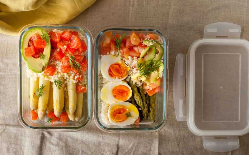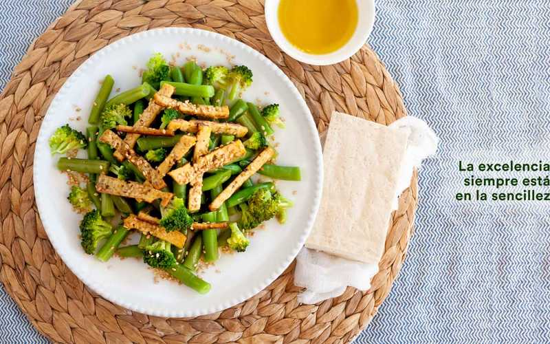 Ensalada de espárragos y coliflor para llevar con sal Maldon
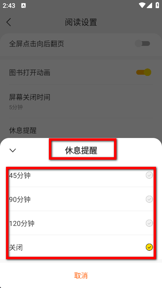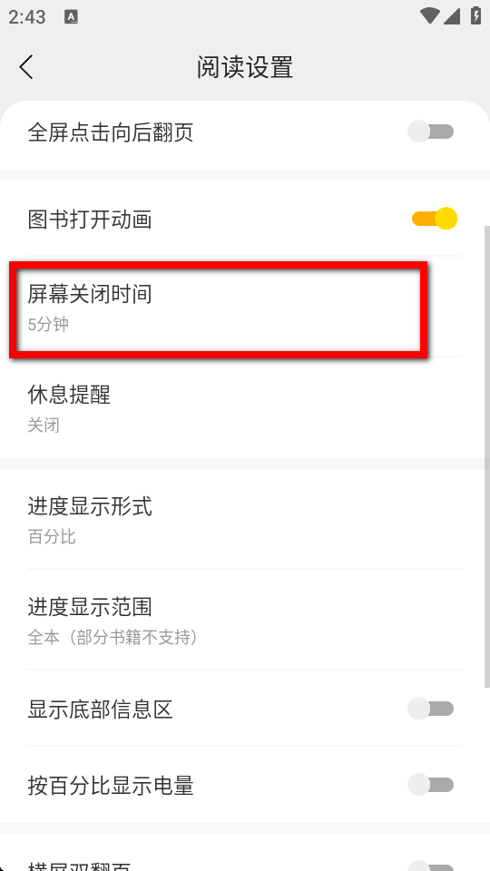 4、在閱讀設(shè)置頁面,找到屏幕關(guān)閉時間選項,可設(shè)置屏幕關(guān)閉的時長。
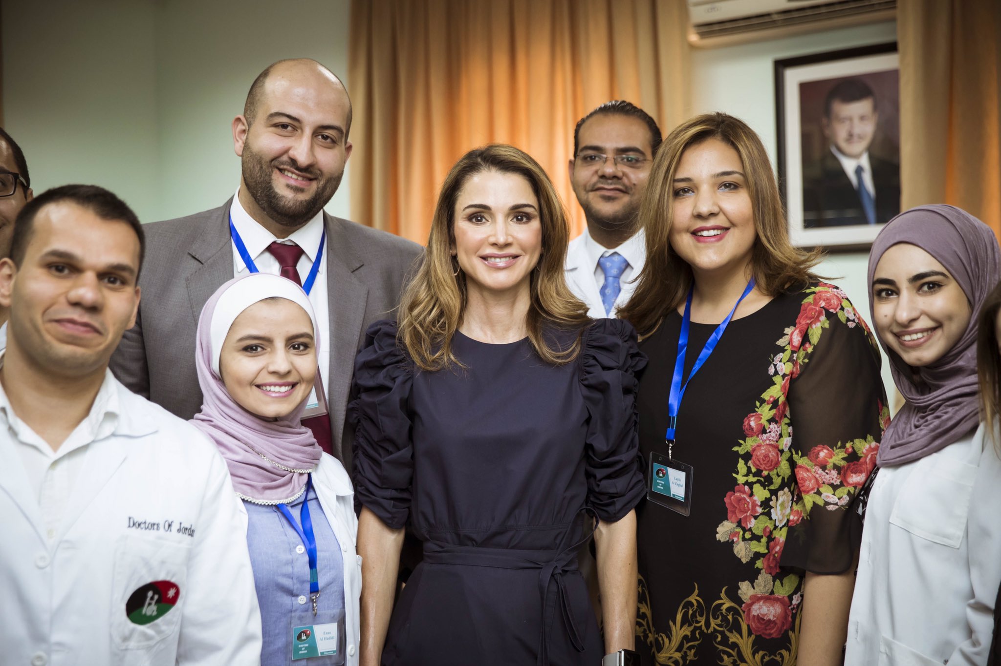 الملكة رانيا مع مجموعة من متطوعي أطباءك يا أردن أثناء تقديمهم خدمات طبية في السلط
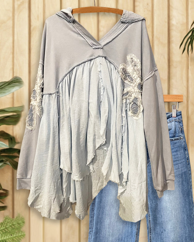 Flower Applique Girly Patchwork Irregular Hem Hooded Blouse
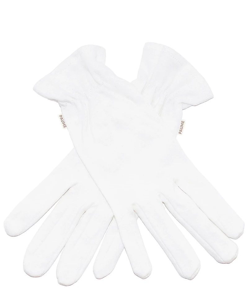 This tool was designed for those who: experience dry chapped hands need extra concentrated moisture for their hands overnight These 100% organic cotton overnight gloves concentrate the moisturizing benefits of our Probiotic Hand Balm when worn overnight, revealing soft, hydrated hands, and youthful hands. Treatment Instructions: 1. Apply a generous amount of Probiotic Hand Balm to hands, fingers, and fingernails. 2. Apply gloves and wear them while you sleep. 3. Remove gloves in the morning and reveal soft, hydrated, restored hands. In partnership with Repurpose Global, one plastic unit will be pulled out of landfills, waterways, and marine environments for every unit sold to be recycled and repurposed. Our signature blend of five essential oils provides notes of crisp lemon, energizing orange, herbaceous rosemary, comforting lavender, and aromatic cedar. The PAUME Skincare routine: Step 1: Sanitize throughout the day for waterless germ-killing and hydration. Step 2: Cleanse, scrub, exfoliate, and remove stubborn dirt in the fingers, nails, and cuticles. Step 3: Hydrate and restore skin's natural moisture balance, smooth fine lines, and improve skin elasticity and tone. Step 4: Strengthen nails, hydrate cuticles, and remove bacteria. Step 5: Enhance your routine with overnight gloves following steps 3 and 4. The Result: Clean, hydrated, youthful hands and strong healthy nails. Our Unique Formula Grape Seed Oil improves skin’s moisture, softness, and elasticity. It contains high levels of vitamin E, which has high antioxidant properties and protects the skin against free radicals. Lactobacillus Ferment Lysate, a lab-created, non-living probiotic ingredient keeps the microbiome in balance while increasing skin tone and elasticity, minimizing wrinkles, and providing deep hydration. Also effective in soothing the skin and reducing redness and irritation. Hydresia G2A sustainably produced emollient derived from safflower oil, that delivers skin nourishing vitamins and enhanced long-lasting hydration. It is an all-natural alternative to chemical emulsifiers that are skin-irritating and non-biodegradable.
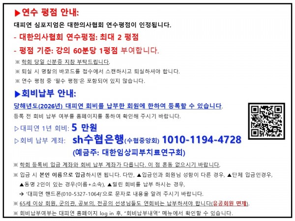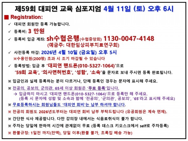 - 회비 납부 계좌: sh수협은행(수협중앙회) 1010-1194-4728 (예금주: 대한임상피부치료연구회)
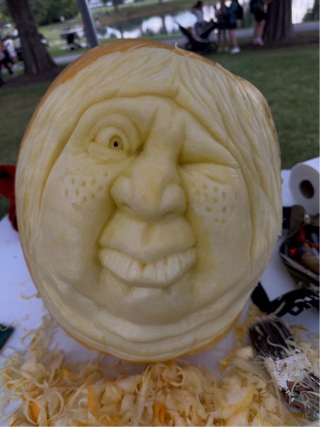 Funny how time gets away from me. This is year 11 for me carving at this same one day family fest in a neighboring town. They raffle the pumpkins to winners so these are only about 65-70 pounders.
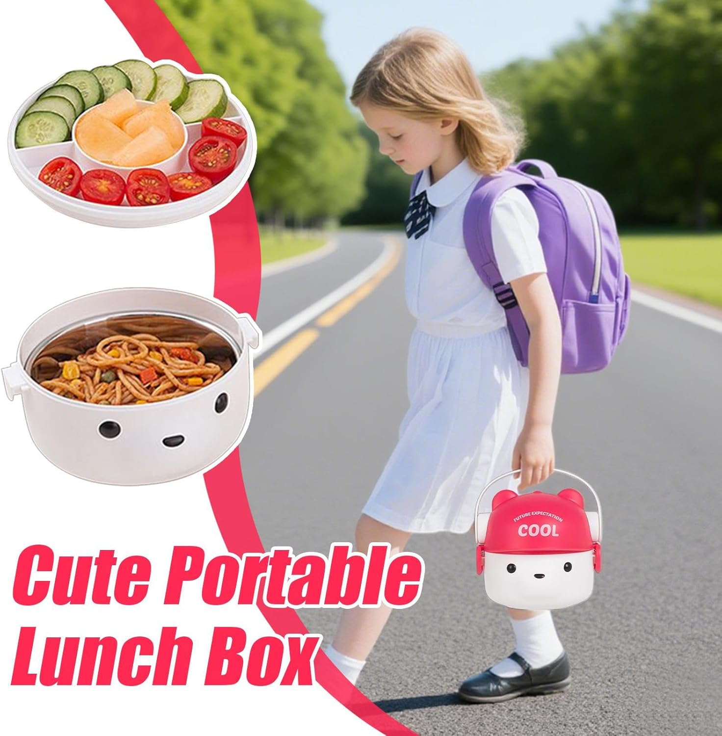 Tenuta Stagna Robusta: Progettata con guarnizione antiperdita e a scatto, assicura chiusura resistente agli urti per spostamenti sicuri, eliminando disordine a tavola ovunque Isolamento e Pulizia: Scatola pranzo termica con doppio strato isolante e nucleo in acciaio inox garantisce freschezza senza odori e facile pulizia grazie alle superfici lavabili con un panno Scaldamento Istantaneo:Funzionalità di riscaldamento immediato con praticità microonde diretta, perfetta per professionisti e studenti che cercano soluzioni rapide per il pranzo dei bambini Design Anti-Mescolanza: Include scomparti separati e un che assicura l'integrità di ogni alimento preparato per il bambino, mantenendo gusti e consistenze perfettamente distinti nel pranzo. Compagno di Pasti Divertente: Il design adorabile 'orsetto offre un tocco giocoso con il suo contenitore estetico e fascino personalizzato, per i pasti quotidiani dei più piccoli

• **Task**
Copy every line above exactly, leaving no picture in the copy.

• **Solution**
 Ensalada de espárragos y coliflor para llevar con sal Maldon
 4、在閱讀設(shè)置頁面,找到屏幕關(guān)閉時間選項,可設(shè)置屏幕關(guān)閉的時長。
 الملكة رانيا مع مجموعة من متطوعي أطباءك يا أردن أثناء تقديمهم خدمات طبية في السلط
 Flower Applique Girly Patchwork Irregular Hem Hooded Blouse
 This tool was designed for those who: experience dry chapped hands need extra concentrated moisture for their hands overnight These 100% organic cotton overnight gloves concentrate the moisturizing benefits of our Probiotic Hand Balm when worn overnight, revealing soft, hydrated hands, and youthful hands. Treatment Instructions: 1. Apply a generous amount of Probiotic Hand Balm to hands, fingers, and fingernails. 2. Apply gloves and wear them while you sleep. 3. Remove gloves in the morning and reveal soft, hydrated, restored hands. In partnership with Repurpose Global, one plastic unit will be pulled out of landfills, waterways, and marine environments for every unit sold to be recycled and repurposed. Our signature blend of five essential oils provides notes of crisp lemon, energizing orange, herbaceous rosemary, comforting lavender, and aromatic cedar. The PAUME Skincare routine: Step 1: Sanitize throughout the day for waterless germ-killing and hydration. Step 2: Cleanse, scrub, exfoliate, and remove stubborn dirt in the fingers, nails, and cuticles. Step 3: Hydrate and restore skin's natural moisture balance, smooth fine lines, and improve skin elasticity and tone. Step 4: Strengthen nails, hydrate cuticles, and remove bacteria. Step 5: Enhance your routine with overnight gloves following steps 3 and 4. The Result: Clean, hydrated, youthful hands and strong healthy nails. Our Unique Formula Grape Seed Oil improves skin’s moisture, softness, and elasticity. It contains high levels of vitamin E, which has high antioxidant properties and protects the skin against free radicals. Lactobacillus Ferment Lysate, a lab-created, non-living probiotic ingredient keeps the microbiome in balance while increasing skin tone and elasticity, minimizing wrinkles, and providing deep hydration. Also effective in soothing the skin and reducing redness and irritation. Hydresia G2A sustainably produced emollient derived from safflower oil, that delivers skin nourishing vitamins and enhanced long-lasting hydration. It is an all-natural alternative to chemical emulsifiers that are skin-irritating and non-biodegradable.
 - 회비 납부 계좌: sh수협은행(수협중앙회) 1010-1194-4728 (예금주: 대한임상피부치료연구회)
 Funny how time gets away from me. This is year 11 for me carving at this same one day family fest in a neighboring town. They raffle the pumpkins to winners so these are only about 65-70 pounders.
 Tenuta Stagna Robusta: Progettata con guarnizione antiperdita e a scatto, assicura chiusura resistente agli urti per spostamenti sicuri, eliminando disordine a tavola ovunque Isolamento e Pulizia: Scatola pranzo termica con doppio strato isolante e nucleo in acciaio inox garantisce freschezza senza odori e facile pulizia grazie alle superfici lavabili con un panno Scaldamento Istantaneo:Funzionalità di riscaldamento immediato con praticità microonde diretta, perfetta per professionisti e studenti che cercano soluzioni rapide per il pranzo dei bambini Design Anti-Mescolanza: Include scomparti separati e un che assicura l'integrità di ogni alimento preparato per il bambino, mantenendo gusti e consistenze perfettamente distinti nel pranzo. Compagno di Pasti Divertente: Il design adorabile 'orsetto offre un tocco giocoso con il suo contenitore estetico e fascino personalizzato, per i pasti quotidiani dei più piccoli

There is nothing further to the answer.